Applying these standards, the Court finds that Normel's out-of-court identification of Panfilo, Reynaldo, XXX265481, and YYY265481 as perpetrators satisfied the totality of circumstances test. Normel had an unobstructed view of the four accused because of their proximity with each other at the time of the mauling and stabbing incidents. The assault happened while Normel and Julius were waiting to hail a jeepney at a lit place along the national highway. Visibility is a vital factor in determining whether eyewitnesses could have identified the perpetrators of crimes. It is settled that when conditions of visibility are favorable, and when the witnesses do not appear to be biased, their assertion as to the identity of the malefactors should normally be accepted.[19] Moreover, Normel had become familiar to Panfilo, Reynaldo, XXX265481, and YYY265481 before the incidents. Normel saw the four accused at the videoke bar and could recall their time of arrival, clothing, and distance when they sat near their table. Normel exhibited a high level of certainty in his statements at the initial investigation and testimony during the trial.

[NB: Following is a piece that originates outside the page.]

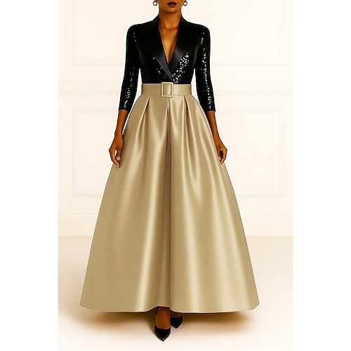 Per donna Da donna Abito da smoking Abito alto-basso Matrimonio Formale Ospite di nozze Strass Elegante Manica 3/4 plissettata Lunghezza al pavimento Revers dentellati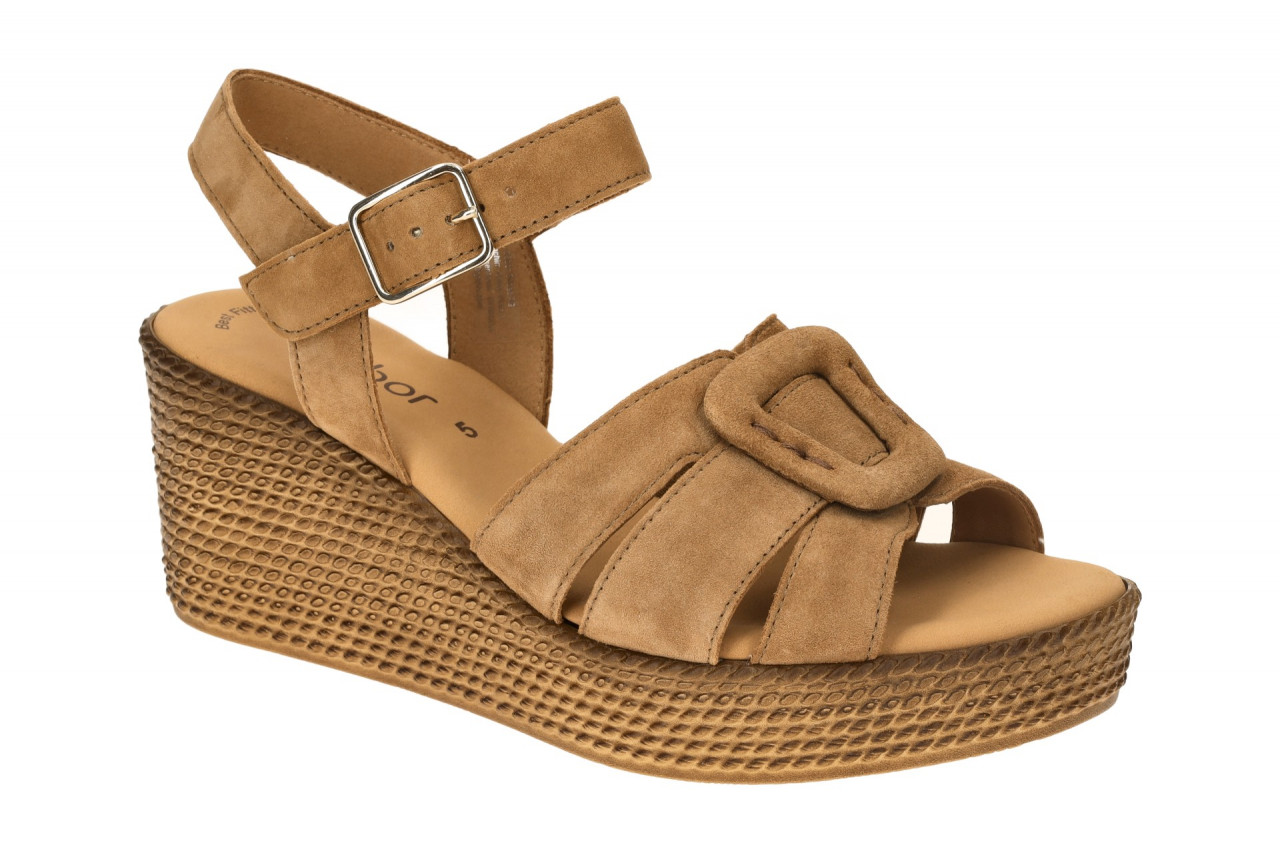 Hersteller: Gabor Hersteller Art-Nr.: 64.772.14 Modellname: 64.772 – GABOR BEST FITTING Machart: Damen Sandalette – Riemchen Sandalen, Wedges Farbe: braun + Sohle in braun + dunkel schattiert (walnut) Obermaterial: Echtleder – Velour – Rauhleder (Samtchevreau) Innenfutter: Echtleder Innensohle: Echtleder – Fu?bett Wechselfu?bett: nicht herausnehmbare Innensohle Laufsohle: Polyurethan (PU) – extra leicht und flexibel, Plateau ca. 3cm, Riffelmuster, Wellfeet Light Verschluss: Klettverschluss + Steckschnalle Absatzart: Keilabsatz / Wedge, Keil ca. 4cm Absatzh?he: flach Schuhform: rund Gr??enhinweis: f?llt normal aus Weitenangabe: F – normal Weite Herstellerinformationen Gabor Shoes GmbH | Joachim-Gabor-Platz 1, 83024 Rosenheim Kontakt: info@gabor.de | 0049 8031 801-0 interne Artikelnummer f?r Ihre R?ckfragen: 289-30-0025

Nothing in the records shows that the supposed intoxication of Normel disrupted his attention or prevented him from having a clear view of the assailants. Normel even explained that he could still comprehend what was happening despite consuming beer as he was accustomed to drinking alcohol. More telling is that there is only a time lapse of ten hours between the commission of the crimes and the out-of-court identification. The crime transpired at 12:00 midnight and Normel identified the perpetrators at 10:00 a.m. on the same day in a photo gallery at the police station. Ideally, a prosecution witness must identify the suspect immediately after the incident. Yet, the Court has considered acceptable an identification made two days after the commission of a crime.[20] In comparison, the present case involved a shorter passage of time. Hence, it can hardly be said that the length of time rendered the positive identification flawed.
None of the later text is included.